As I was out of town on Saturday, she sent me a text msg wondering if I was ok at about 3:30pm. I didn't respond. I get a call at 7:30, I initially didn't answer. I then called her back, she wanted to know where I was. I told her the same thing - I was out west. She wasn't too happy about that. So I go off and do my own thing, and some time after midnight, I decided to text her that I'm still alive. Set off a series of texts wondering where I was, but I remained ambiguous about it all. And to tell you the truth, it felt really good to let her wonder/worry what the hell what I was doing for a change.

She wants the divorce, I originally didn't. I originally said that on March 28th would be the day that she has to decide what to do. But as I was on the road thinking, why should she dictate what has to happen in the relationship?
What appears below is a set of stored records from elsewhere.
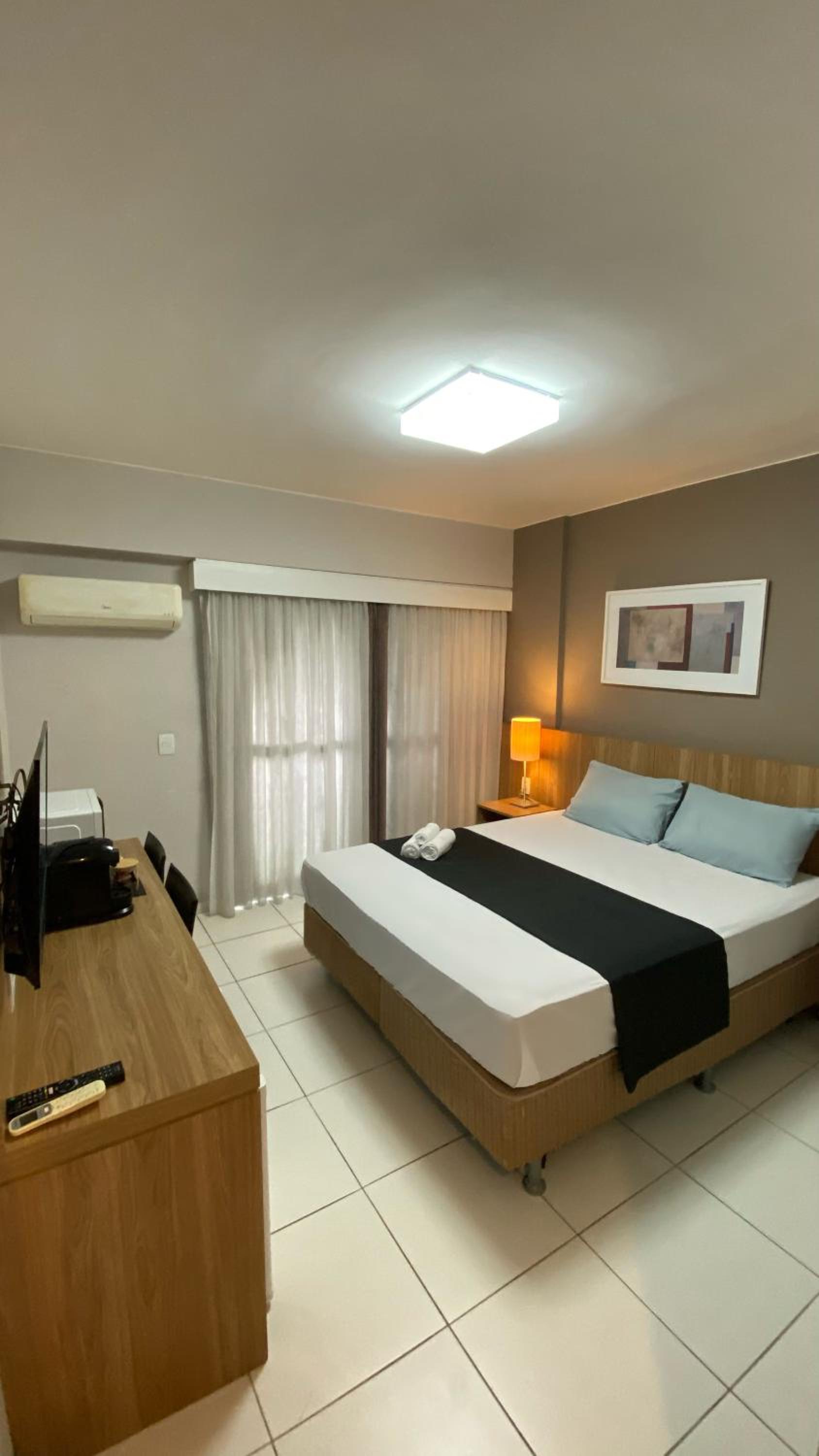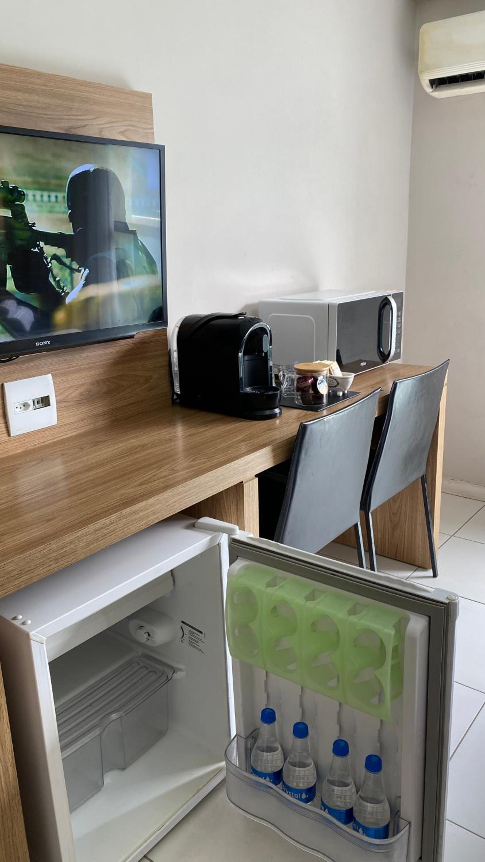 O apartamento está bem conservado, A cama é boa e o banheiro também. Pedimos uma cama extra, e foi colocado um colchão, o que atendeu a nossa necessidade. O único ponto de atenção, que poderia ser melhor, é que existe um restaurante, que serve café (R$ 40,90), mas o local fica aberto e tem muitas moscas. Proprietária, respondeu a todos os meus pedidos e dúvidas de forma rápida e efetiva. Recomendo o local!! Existe tb um mini mercado, com bastante variedade de produtos.
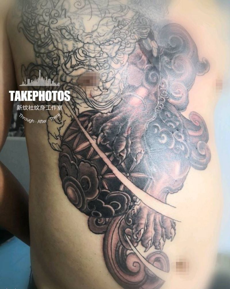 当前位置: 首页 >甘肃省兰州市纹身店-新纹社工作室纹身图案>唐狮子遮盖旧纹身纹身图片_腹部胸部新传统纹身图案
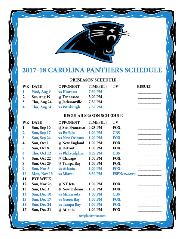 Keep up with the Carolina Panthers in the 2017-18 season with
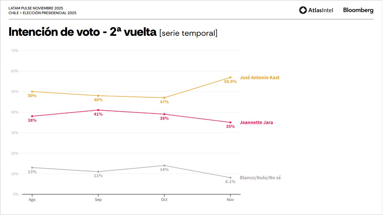 A pesquisa mais recente da AtlasIntel mostra uma vantagem clara para o candidato José Antonio Kast (Partido Republicano) no segundo turno das eleições presidenciais do Chile, previsto para 14 de dezembro de 2025. Kast lidera a disputa com 56,9% dos votos, enquanto a candidata governista Jeannette Jara (Partido Comunista) soma 35,0%.
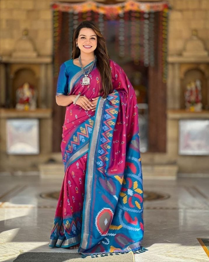 Weaving Silk Saree With Ikkat And Patola Weaving Concept In Saree, Along With Contrast Weaving Border, Contrast Rich Pallu And Contrast Blouse As Shown.
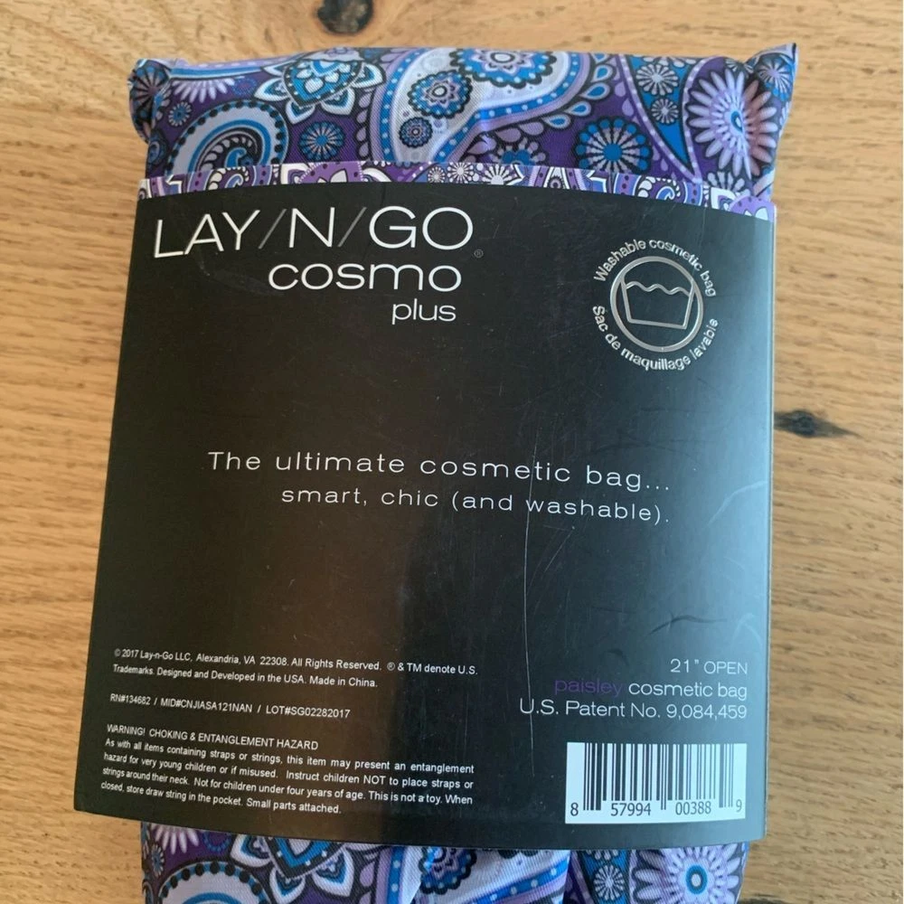 Lay N Go Cosmo Plus Purple Cosmetic Bag Open 21" Washable NWT Cosmetics Travel Vacation Purple Paisley Makeup Jewelry Ships next day from Oregon Smoke Free Flaws shown in pics if any
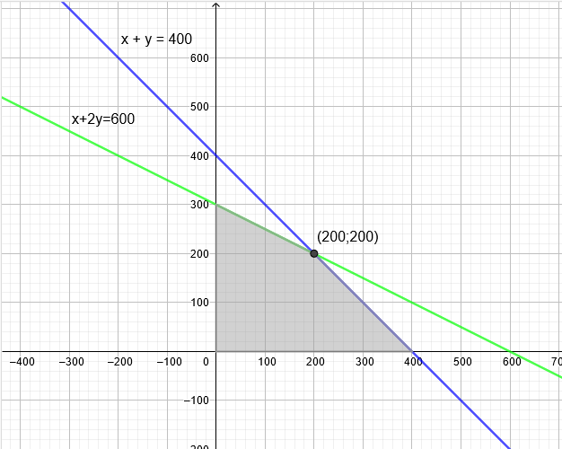 \(x ≥ 0, y ≥ 0\) En faisant le graphique pour l'optimisation, on trouve donc \(x=y=200\) ce qui donne \(z=5200000\)
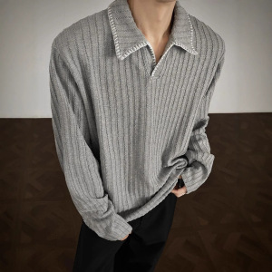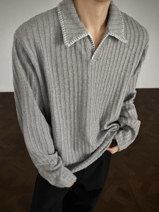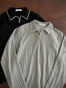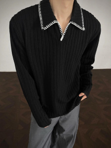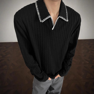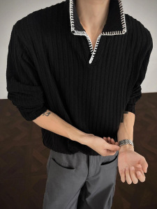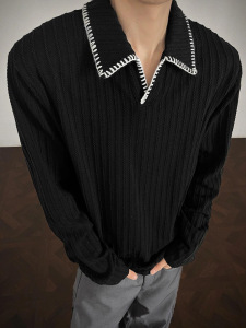 黑色麦穗纹老钱风polo衫长袖t恤男秋季学院风高级感卫衣美式上衣
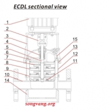 +Sơ đồ cấu tạo và vật liệu bơm trục đứng đa tầng cánh model ECDL2-18.
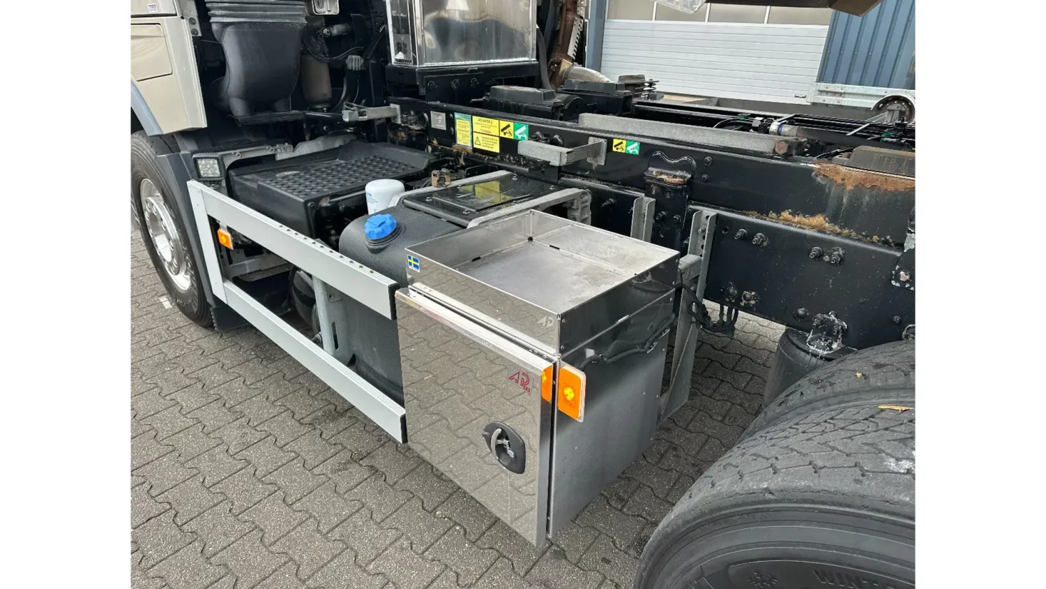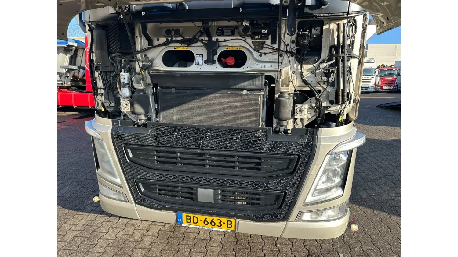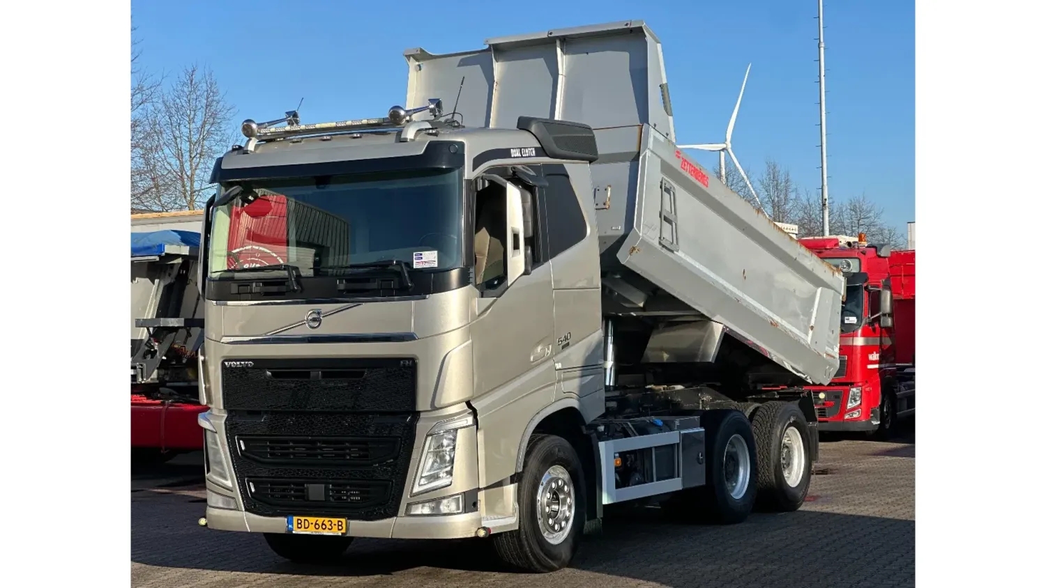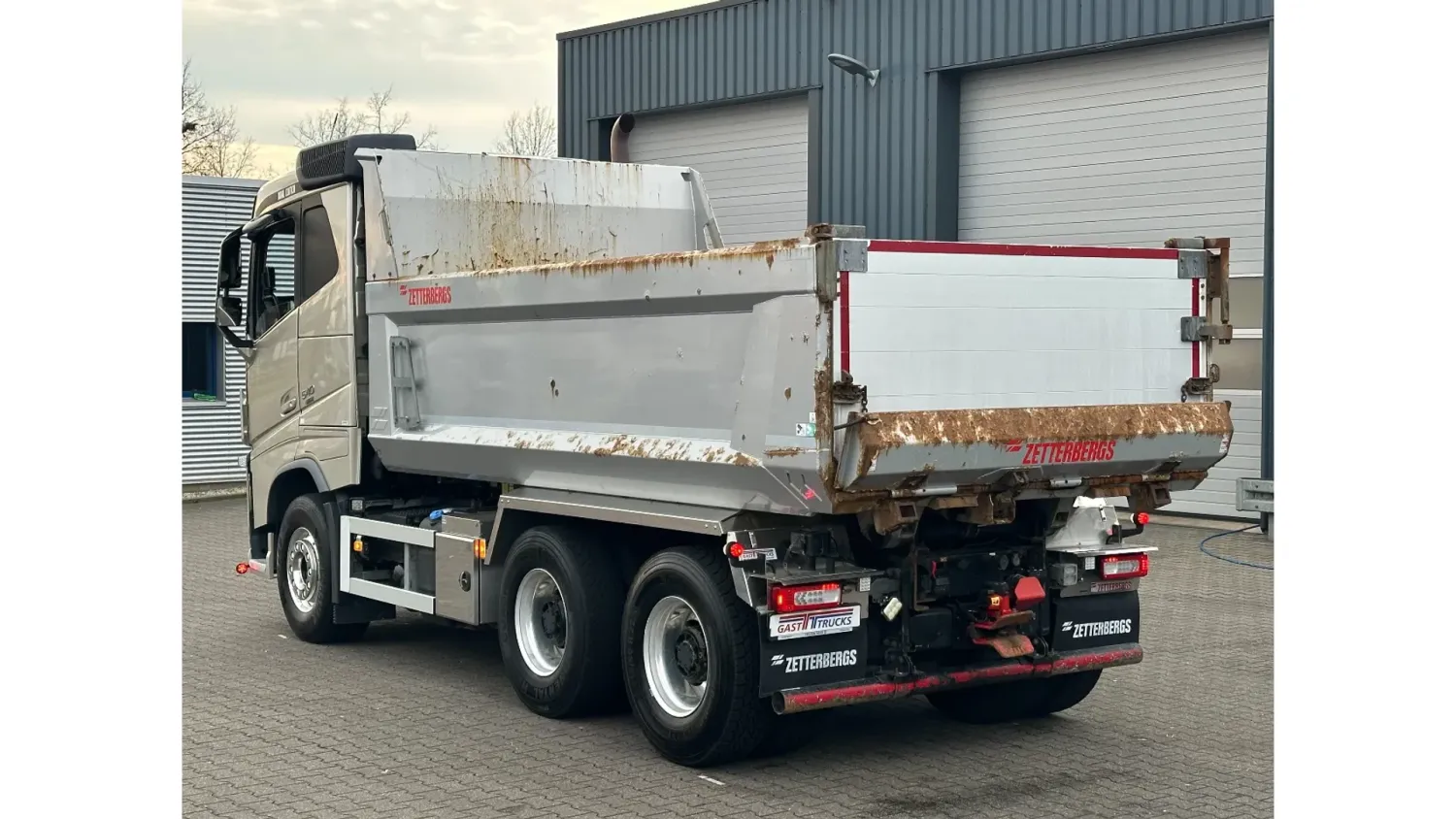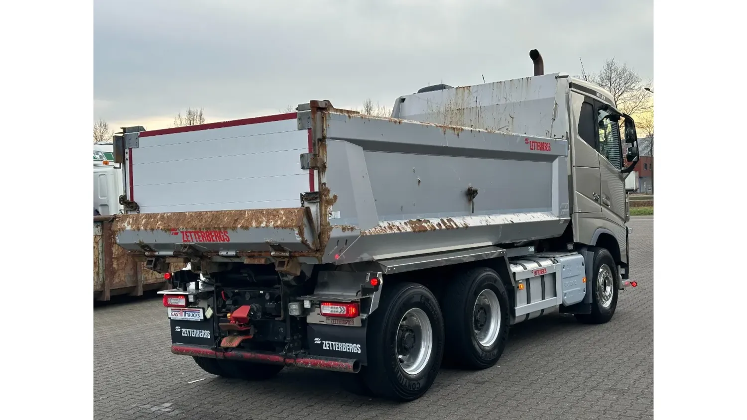 General information Year of construction: 2018 Reference number: 31585 Registration number: BD-663-B Technical information Number of cylinders: 6 Drivetrain AdBlue system: Yes Transmission Transmission: I-SHIFT DUAL CLUTCH, Automatic Axle configuration Front axle: Tyre size: 385/65 R22.5; Alloy wheels; Max. axle load: 9000 kg; Steering; Tyre profile left: 30%; Tyre profile right: 30% Rear axle 1: Tyre size: 315/80 R22.5; Double wheels; Alloy wheels; Max. axle load: 10500 kg; Tyre profile left inner: 20%; Tyre profile left outer: 20%; Tyre profile right outer: 20%; Tyre profile right outer: 20%; Reduction: hub reduction Rear axle 2: Tyre size: 315/80 R22.5; Double wheels; Alloy wheels; Lift axle; Max. axle load: 10500 kg; Tyre profile left inner: 50%; Tyre profile left outer: 50%; Tyre profile right outer: 50%; Tyre profile right outer: 50%; Reduction: hub reduction Measures and weights Empty weight: 13.375 kg GVW: 30.000 kg Wheelbase: 340 cm Functional Tipper: Back Condition General condition: good Technical condition: good Visual appearance: good Damages: none

I have a say too!

So I decided that when I came back on Sunday, I would be informing her that I would move out in a week (April 1st. Haha, joke's on me.) So I get home at about 6pm Sunday evening, and we do normal house stuff, then get some groceries. As we finished dinner, she wanted to clean up the house some more. But I stopped her right there and told her. 

Basically I said that this relationship is pretty screwed up. I can't live in the house like this, and we definitely need time away from each other. She needs to figure out what she really wants, and I have to figure out if I really want this marriage to work. If I do want it to work out, can I forgive her for the lies and the deceit? The time away from each other will help. I asked her for no contact for a while... we just need to stay away. Nothing about divorce, nothing about separation or any of that stuff. I did tell her that no one is to come to the house, and since it's still my house, I will come and go as I please. But I will make the effort to only appear in the house (to pick up mail, etc) when she's at work.

It was a sad moment. I went upstairs to lay down and listen to music. She didn't want to clean anymore, I think reality just seeped in for her. 

And here is Monday, 6 days left until I move out. I still feel a bit sad here at work, but I know I have to move forward, no matter what happens.


----------



## Traggy (Jan 26, 2012)

Good, 

You want a divorce, let me show you what a divorce is. I want to show my stbxw this so bad, but can not because of the child.


----------